_Directions_:
Every line of the material below should be output exactly as written, with the images skipped.

_Stored data_:

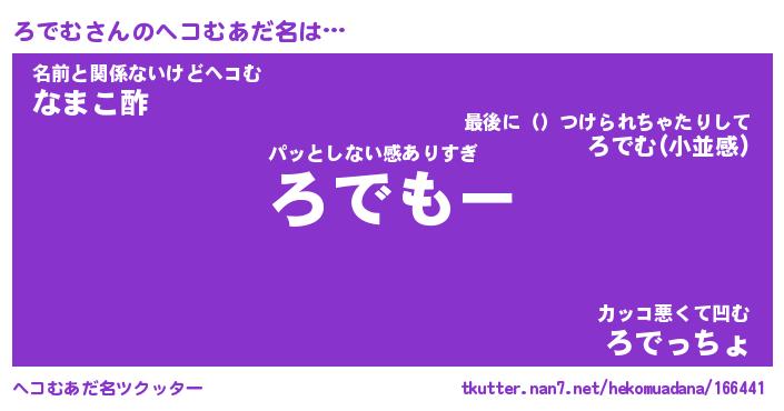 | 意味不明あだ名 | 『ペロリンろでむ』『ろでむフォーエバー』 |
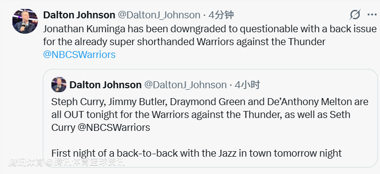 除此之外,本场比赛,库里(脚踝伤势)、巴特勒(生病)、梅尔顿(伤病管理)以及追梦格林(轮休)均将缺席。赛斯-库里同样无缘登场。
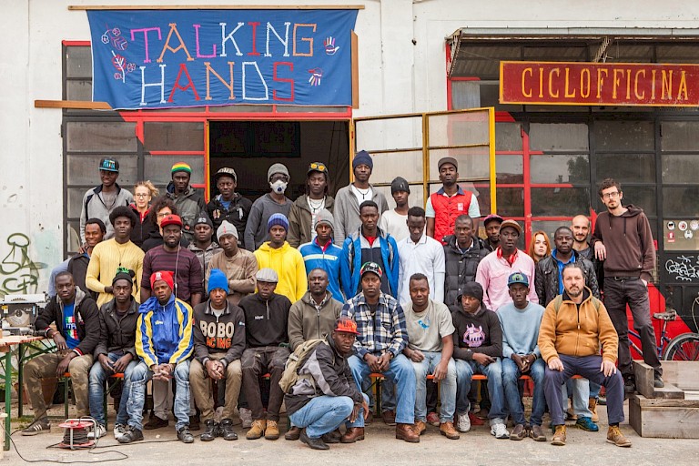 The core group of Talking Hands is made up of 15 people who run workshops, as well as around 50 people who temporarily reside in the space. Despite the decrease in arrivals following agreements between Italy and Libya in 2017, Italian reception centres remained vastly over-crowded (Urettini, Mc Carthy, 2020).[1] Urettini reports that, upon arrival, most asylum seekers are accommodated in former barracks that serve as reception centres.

_Task answer_:
 | 意味不明あだ名 | 『ペロリンろでむ』『ろでむフォーエバー』 |
 除此之外,本场比赛,库里(脚踝伤势)、巴特勒(生病)、梅尔顿(伤病管理)以及追梦格林(轮休)均将缺席。赛斯-库里同样无缘登场。
 The core group of Talking Hands is made up of 15 people who run workshops, as well as around 50 people who temporarily reside in the space. Despite the decrease in arrivals following agreements between Italy and Libya in 2017, Italian reception centres remained vastly over-crowded (Urettini, Mc Carthy, 2020).[1] Urettini reports that, upon arrival, most asylum seekers are accommodated in former barracks that serve as reception centres.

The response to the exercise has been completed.